Image is taken from “Sudhagar, A.; Kumar, G.; El-Matbouli, M. Transcriptome Analysis Based on RNA-Seq in Understanding Pathogenic Mechanisms of Diseases and the Immune System of Fish: A Comprehensive Review. Int. J. Mol. Sci. 2018, 19, 245. https://doi.org/10.3390/ijms19010245” under CC-BY license
Question
What is a cDNA library prepration, and why it is used in the bulk RNA-seq?
Solution
RNA is reverse transcribed to cDNA because DNA is more stable and to allow for amplification (which uses DNA polymerases) and leverage more mature DNA sequencing technology. While direct sequencing of RNA molecules is possible, most RNA-Seq experiments are carried out on instruments that sequence DNA molecules due to the technical maturity of commercial instruments designed for DNA-based sequencing. Therefore, cDNA library preparation from RNA is a required step for RNA-Seq. Each cDNA in an RNA-Seq library is composed of a cDNA insert of certain size flanked by adapter sequences, as required for amplification and sequencing on a specific platform.
Pitfall of bulk RNA-seq
- Bulk RNA-seq only provide the average measurement for all the cells. It does not provide insights into the stochastic nature of gene expression. The image below show that although average can be the same, the appearance of the dataset can be vary dramatically which means that average can be misleading and meaningless.
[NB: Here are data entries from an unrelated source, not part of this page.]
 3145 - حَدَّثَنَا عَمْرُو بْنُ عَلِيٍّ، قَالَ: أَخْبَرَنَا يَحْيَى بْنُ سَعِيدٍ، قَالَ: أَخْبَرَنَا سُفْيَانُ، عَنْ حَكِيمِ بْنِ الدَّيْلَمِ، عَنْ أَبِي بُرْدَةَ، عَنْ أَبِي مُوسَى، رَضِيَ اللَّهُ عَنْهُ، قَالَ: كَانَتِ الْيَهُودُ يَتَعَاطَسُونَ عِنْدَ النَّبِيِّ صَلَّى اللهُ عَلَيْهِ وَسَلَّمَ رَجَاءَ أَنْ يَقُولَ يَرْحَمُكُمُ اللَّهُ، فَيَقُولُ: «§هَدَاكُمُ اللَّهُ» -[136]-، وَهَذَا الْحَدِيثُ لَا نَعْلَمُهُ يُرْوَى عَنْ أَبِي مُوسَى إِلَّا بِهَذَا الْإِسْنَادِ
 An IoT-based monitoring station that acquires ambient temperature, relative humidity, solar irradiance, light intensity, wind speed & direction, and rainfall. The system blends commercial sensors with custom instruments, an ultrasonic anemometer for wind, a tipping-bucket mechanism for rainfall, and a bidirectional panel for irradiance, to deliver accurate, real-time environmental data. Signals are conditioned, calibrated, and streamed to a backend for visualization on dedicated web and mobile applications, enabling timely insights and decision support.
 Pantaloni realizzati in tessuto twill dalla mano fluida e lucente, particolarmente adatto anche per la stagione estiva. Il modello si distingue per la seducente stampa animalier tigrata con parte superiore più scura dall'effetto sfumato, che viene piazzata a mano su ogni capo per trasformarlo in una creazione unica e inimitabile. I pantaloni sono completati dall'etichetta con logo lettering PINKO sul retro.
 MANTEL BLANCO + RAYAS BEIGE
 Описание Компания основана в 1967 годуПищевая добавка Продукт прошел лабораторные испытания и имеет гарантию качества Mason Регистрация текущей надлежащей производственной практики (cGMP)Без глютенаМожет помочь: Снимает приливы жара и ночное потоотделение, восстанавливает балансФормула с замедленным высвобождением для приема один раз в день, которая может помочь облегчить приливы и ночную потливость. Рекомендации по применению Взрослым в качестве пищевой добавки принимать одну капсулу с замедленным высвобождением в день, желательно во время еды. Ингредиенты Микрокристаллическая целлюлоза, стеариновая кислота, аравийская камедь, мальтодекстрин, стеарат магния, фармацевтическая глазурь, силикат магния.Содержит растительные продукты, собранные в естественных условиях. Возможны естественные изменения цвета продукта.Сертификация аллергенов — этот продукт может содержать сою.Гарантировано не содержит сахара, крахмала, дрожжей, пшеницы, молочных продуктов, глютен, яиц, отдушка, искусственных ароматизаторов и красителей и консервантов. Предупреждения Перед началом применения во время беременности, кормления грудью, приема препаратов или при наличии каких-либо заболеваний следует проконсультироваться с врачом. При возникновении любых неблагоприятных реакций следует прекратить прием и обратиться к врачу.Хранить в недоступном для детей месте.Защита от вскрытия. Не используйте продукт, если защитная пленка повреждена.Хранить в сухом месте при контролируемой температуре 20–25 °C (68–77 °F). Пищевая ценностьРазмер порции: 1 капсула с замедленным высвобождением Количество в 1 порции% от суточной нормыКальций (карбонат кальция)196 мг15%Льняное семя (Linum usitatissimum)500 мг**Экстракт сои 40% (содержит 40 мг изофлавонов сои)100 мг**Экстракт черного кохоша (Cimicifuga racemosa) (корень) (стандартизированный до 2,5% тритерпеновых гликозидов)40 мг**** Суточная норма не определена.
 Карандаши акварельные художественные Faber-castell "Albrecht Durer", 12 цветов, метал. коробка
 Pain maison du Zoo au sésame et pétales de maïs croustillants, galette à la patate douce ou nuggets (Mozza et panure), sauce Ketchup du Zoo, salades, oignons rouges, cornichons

This dataset above has always the same mean (X Mean:54.26, Y Mean: 47.83, X SD:16.76, Y SD:26.93, Corr:-0.06) but varied appearance - Taken from Justin Matejka and George Fitzmaurice (Autodesk Research, Toronto)
- Insufficient for studying heterogeneous systems, e.g. early development studies, complex tissues (brain)
Image is taken from https://doi.org/10.1161/CIRCULATIONAHA.119.041433 under CC-BY license
Therefore, scRNA-seq was introduced to overcome the limitations of bulk RNA-seq.
Question
What do we mean by “stochastic nature of gene expression”?
Solution
It means that there are fluctuations in the abundance of expressed genes at the single-cell level because of the heterogeneity within populations of genetically identical cells.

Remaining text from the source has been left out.